If you work at a healthcare system, most likely you get your care there as well. As IT professionals we have an opportunity to be “not so secret shoppers”. In other words, if we tell the clinical and administrative staff we have contact with as a patient that we are in IT, we will probably get an earful – both good and bad.
I always make a point of being a not so secret shopper. I want to hear what our users think of the systems we provide and support – good or bad. If I hear about actionable items, I follow-up with the right people afterwards.
This week, I had the chance to be on the patient side of systems. Believe me, I would rather have not been. After a severe toothache all weekend, I called my dentist back home Monday morning. I was hoping to get a prescription for an antibiotic (assuming the pain was due to infection) and something for pain stronger than the over-the-counter ibuprofen and Tylenol I’d been taking. But their protocol was no prescribing unless they saw me. Being hundreds of miles away at my interim engagement, I said that didn’t work for me. So, what was I to do? They said to call my PCP (also hundreds of miles away) or go to an urgent care center.
So, Monday night, I headed off to the University of Vermont Medical Center Urgent Care.
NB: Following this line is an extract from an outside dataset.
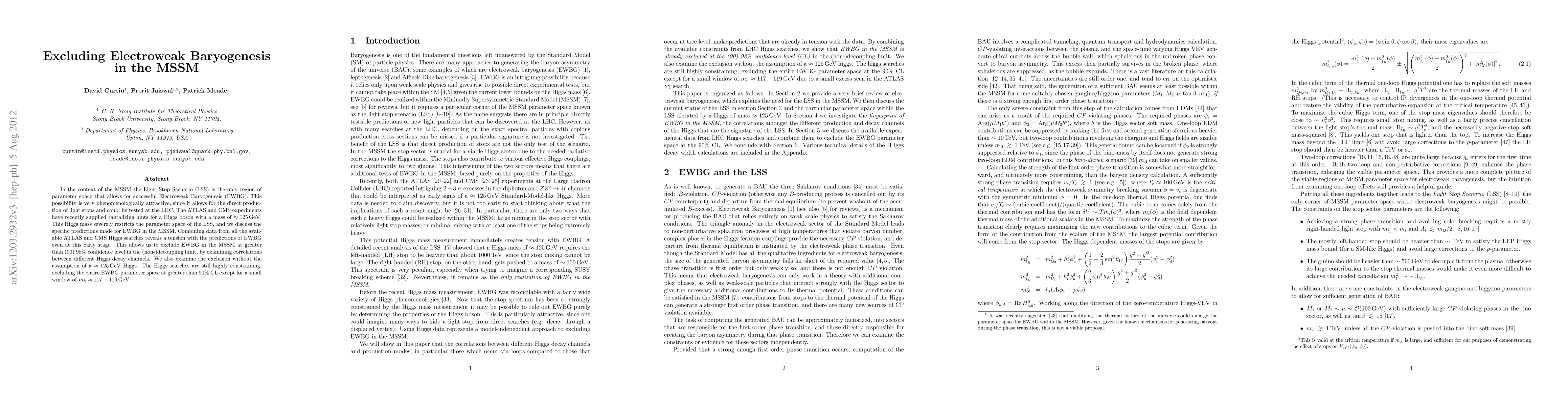 This paper examines the viability of Electroweak Baryogenesis (EWBG) in the Minimal Supersymmetric Standard Model (MSSM) under the Light Stop Scenario (LSS). Recent LHC data and a Higgs boson mass of ~125 GeV significantly restrict EWBG predictions, leading to its exclusion at over 90% confidence level in the MSSM.

New patient check-in, registration, nurse triage and then to the exam room to wait for a physician to see me.
The wait was minimal at each step and everyone was extremely friendly. At registration I heard enthusiasm about the Epic system coming November 1st and that they would no longer have to use two different systems. The registration clerk said it will be a change and take time getting used to, but that having just one system would be so much better.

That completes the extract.